A firm may issue sweat equity shares equal to up to 25% of its paid-up share capital as lifetime issues. giving the situation some thought Cash must be used as the form of payment for ESOP consideration. Cash or non-cash compensation might be given in exchange for sweat equity shares. The cost of the problem The corporation itself determines the grant price or exercise price. A registered valuer sets the pricing for sweat equity shares. Lock-in time There is no set lock-in time for ESOPs. The lock-in period for sweat equity shares is three years. At the time of allocation, ESOPs are taxed in accordance with their classification as perquisites on salaries, falling under the category of “income from salaries.” In the year of allocation, sweat equity shares are taxed under the heading “income from salary.” Taxes that are due when shares are sold All sales earnings are subject to capital gains tax, if any. All sales earnings are subject to capital gains tax, if any.

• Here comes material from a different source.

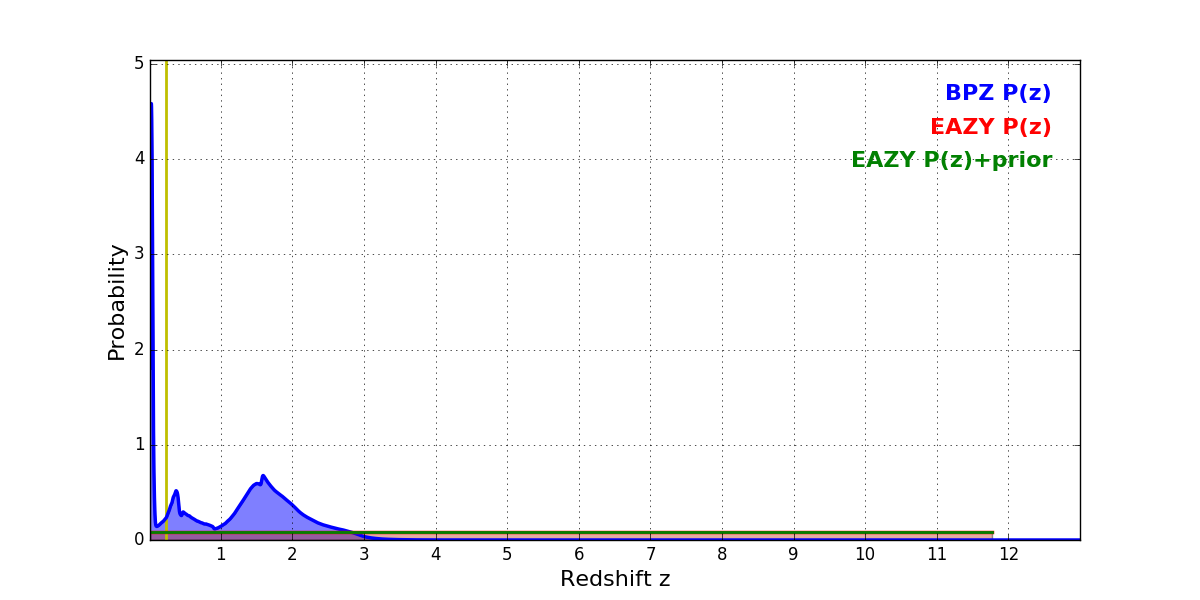 In P(z) plots: Yellow lines mark the cluster redshift z = 0.228,
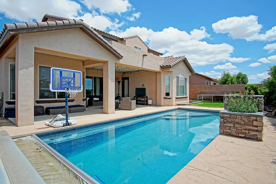 Stunning home with a pool in the exclusive gated Tres Colinas neighborhood. Backyard oasis features a heated, in-ground gunite pool w automatic safety cover, gas stub-out for grilling, professional landscaping, & spacious covered back patio with expansive 14-foot 3-paneled glass sliding door. Inside, the beautifully updated kitchen is a chef's dream, showcasing white custom cabinets that extend up to 10ft ceilings, white quartz countertops, a large center island, & butler's pantry. The office also features floor to ceiling cabinetry. 4-zone refrigerated air. Upstairs, a generous loft connects 2 bedrooms on each side. One side w a Jack and Jill bathroom. Downstairs, a casita w full bath connects to a massive additional living area. Enjoy 2-toned synthetic stucco & courtyard entrance

Employees Stock Option Plan
According to Section 2(37) of the 2013 Companies Act, an employee stock option is a type of stock. The phrase “employee stock option” refers to an option granted to executives, directors, or employees of the firm, its holding company, or a subsidiary of the company, which entitles the holder to subscribe for or acquire shares of the company at a certain price at a future date. When a corporation seeks to raise subscribed capital, issue of sweat equity shares. The process of issuing ESOPs is governed by Rule 12 of the Companies (Share Capital and Debentures) Regulations, 2014 (the rules).
The Companies Act of 2013’s Section 2(88) defines a sweat equity share. The term “sweat equity shares” refers to shares that a firm issues to its directors or workers in exchange for contributing intellectual property rights, know-how, or any other kind of value addition in exchange for non-cash remuneration or at a discount. The issuing of sweat equity shares is governed by Rule 8 of the 2014 Corporations (Share Capital and Debentures) Regulations.

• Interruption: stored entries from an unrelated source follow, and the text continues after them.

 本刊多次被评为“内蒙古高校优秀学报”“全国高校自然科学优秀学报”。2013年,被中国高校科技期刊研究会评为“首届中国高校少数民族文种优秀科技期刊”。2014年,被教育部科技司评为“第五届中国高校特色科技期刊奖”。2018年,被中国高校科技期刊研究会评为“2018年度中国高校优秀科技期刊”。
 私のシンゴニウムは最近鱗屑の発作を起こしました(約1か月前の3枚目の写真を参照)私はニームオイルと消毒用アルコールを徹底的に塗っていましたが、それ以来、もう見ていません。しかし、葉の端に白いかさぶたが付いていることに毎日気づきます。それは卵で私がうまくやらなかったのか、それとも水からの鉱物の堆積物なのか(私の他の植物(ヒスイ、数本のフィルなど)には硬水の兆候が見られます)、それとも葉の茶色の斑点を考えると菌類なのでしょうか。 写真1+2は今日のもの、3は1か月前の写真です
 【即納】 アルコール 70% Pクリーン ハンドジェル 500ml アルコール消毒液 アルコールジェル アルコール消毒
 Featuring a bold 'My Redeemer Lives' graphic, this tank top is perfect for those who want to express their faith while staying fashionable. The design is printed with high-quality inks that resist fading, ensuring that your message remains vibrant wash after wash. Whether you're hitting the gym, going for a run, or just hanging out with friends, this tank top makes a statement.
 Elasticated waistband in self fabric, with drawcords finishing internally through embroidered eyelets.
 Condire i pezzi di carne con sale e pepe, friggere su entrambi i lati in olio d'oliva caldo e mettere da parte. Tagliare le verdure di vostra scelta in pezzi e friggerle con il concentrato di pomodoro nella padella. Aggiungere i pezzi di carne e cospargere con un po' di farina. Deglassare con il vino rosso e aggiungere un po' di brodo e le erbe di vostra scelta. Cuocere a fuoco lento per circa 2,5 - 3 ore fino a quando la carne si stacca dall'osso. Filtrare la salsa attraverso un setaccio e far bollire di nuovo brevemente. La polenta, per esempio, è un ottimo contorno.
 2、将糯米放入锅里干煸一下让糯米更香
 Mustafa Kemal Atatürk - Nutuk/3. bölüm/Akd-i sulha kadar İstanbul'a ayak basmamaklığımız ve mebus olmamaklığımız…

The final truth is that there are some fundamental similarities between ESOPs and sweat equity shares. They are both provided to employees and could both be on sale. Beyond this, however, there are a lot of other distinctions between sweat equity shares vs esop. Whether the firm you work for offers either ESOPs or sweat equity, being aware of these differences will help you better comprehend the type of shares you get.